Perfluoroalkylsulfonic acid (PFSA) ionomers are commonly used as electrolyte membrane in low temperature fuel cells and membrane water electrolyzers. The quest for alternative membranes based on hydrocarbon chemistry has, however, not subsided and these materials continue to be of interest. Their versatile chemistry provides design flexibility and offers the prospect of tailoring membrane chemistry and architecture to specific requirements. Typical hydrocarbon ionomers are thermally stable polymers that contain aromatic units in the main chain, which may be linked by a variety of functional groups (e.g., polysulfones, polyphenylenes). They are of high interest because of their expected lower cost, intrinsically lower gas permeability, and higher glass transition temperatures compared to PFSA membranes [1]. The lower reactant permeability in particular is extremely attractive: it enables the use of thinner membranes, which leads to cost reduction and increased power density. Furthermore, the lower gas permeability leads to a lower radical formation rate through reaction of H₂ and O₂ on the catalyst surface. However, polyaromatic membranes are generally and intrinsically more susceptible to attack and degradation induced by oxidizing radicals [2]. In particular, aromatic units present in most of these polymers react readily and rapidly with radical intermediates, e.g. HO^·, which are formed in the fuel cell in the presence of H₂, O₂ and the noble metal catalyst. Radical attack triggers chain scission and polymer decomposition.

The objective of this study is to investigate, implement and assess strategies to mitigate radical induced degradation of aromatic hydrocarbon based proton exchange membranes for fuel cells. Other than in PFSA membranes, where HO^· radicals have a lifetime on the order of microseconds, their lifetime is expected to be significantly shorter, i.e. ~1 ns, in polyaromatic membranes due to the fast reaction of HO^· with the aromatic units. Therefore, scavenging of HO^· using cerium-ions or ceria nanoparticles is not likely to be an effective approach. Alternative radical scavengers, such as hindered phenols, which are also used as antioxidants in plastics, may achieve a higher scavenging yield, yet in order to sustain stabilization over thousands of hours, the radical quenching needs to be a catalytic process, as it is the case with the redox cycling ability of Ce and Mn ions used as antioxidants in PFSA ionomers [3].

An alternative approach is to target the intermediates formed upon attack of the ionomer by HO^·. Some intermediates, such as aromatic radical cations, may be sufficiently long lived for suitable repair chemistry to take effect [4]. In this study, we present a kinetic study of possible pathways for damage transfer and ionomer repair reactions and highlight requirements for polymer intermediate lifetimes and kinetics of repair and regeneration reactions of additives. One challenge is to stabilize the ionomer intermediates sufficiently long (milliseconds range) to allow repair reactions to take place. Another challenge is to ensure the kinetics of repair reactions are sufficiently fast and the additive can be repeatedly regenerated. Evidently, the chemistry of the polymer and the additive needs to be adequately tuned and side-reactions minimized. Furthermore, additives incorporated into the membrane merely by doping may be leached out over time, calling for strategies to tether the functional motifs to the polymer chain or an inorganic filler for immobilization.

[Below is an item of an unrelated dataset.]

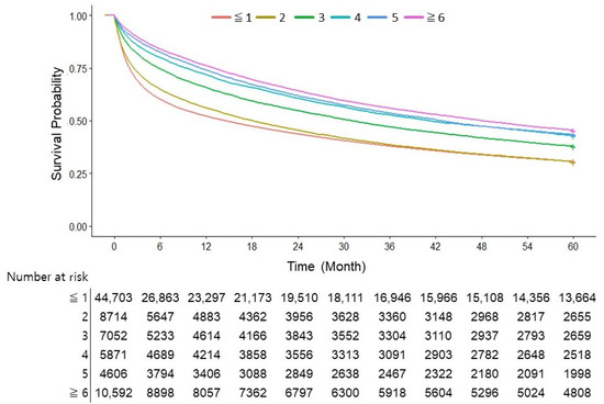 We obtained information on chronic hepatitis and its causes from the database of medical treatments. Based on the HCC cause, patients were classified into hepatitis B virus (HBV)-related, hepatitis C virus (HCV)-related, alcohol-related, and others-related HCC. The use of antiviral therapy during the follow-up period was identified using KDATCC codes, including lamivudine, adefovir, entecavir, tenofovir disoproxil fumarate, tenofovir alafenamide, tenofovir disoproxil aspartate, telbivudine, clevudine, and besifovir for HBV, and ribavirin and interferon for HCV. The presence of comorbidities was determined by ICD-10 codes and then quantified using the Charlson Comorbidity Index (CCI). The initial treatment for HCC included liver transplantation, hepatectomy, local ablation therapy, transarterial chemotherapy, sorafenib, radiotherapy, best supportive care, and others. A more detailed description of each definition, including the relevant ICD codes and KDATCC codes, is available in Supplementary Table S1.

(Figure: Schematic representation of an antioxidant strategy for hydrocarbon based proton exchange membranes based on the ‘damage transfer’ and ‘repair’ concept. the ionomer P is attacked by HO^·, the damage inflicted to the polymer is then transferred to an additive (M, mediator), which undergoes a subsequent repair reaction with H₂O₂.)

References:

1. F. Wang, M. Hickner, Y. S. Kim, T. A. Zawodzinski, J. E. McGrath, J. Membr. Sci., 197, 231 (2002).
2. L. Gubler, W.H. Koppenol, in: The Chemistry of Membranes Used in Fuel Cells: Degradation and Stabilization, S. Schlick (Ed.), 107-138, John Wiley & Sons (2018).
3. F. D. Coms, H. Liu, J. E. Owejan, ECS Trans., 16, 1735 (2008).
4. L. Gubler, T. Nauser, F.D. Coms, Y.H. Lai, C.S. Gittleman, J. Electrochem. Soc., 165(6), F3100 (2018).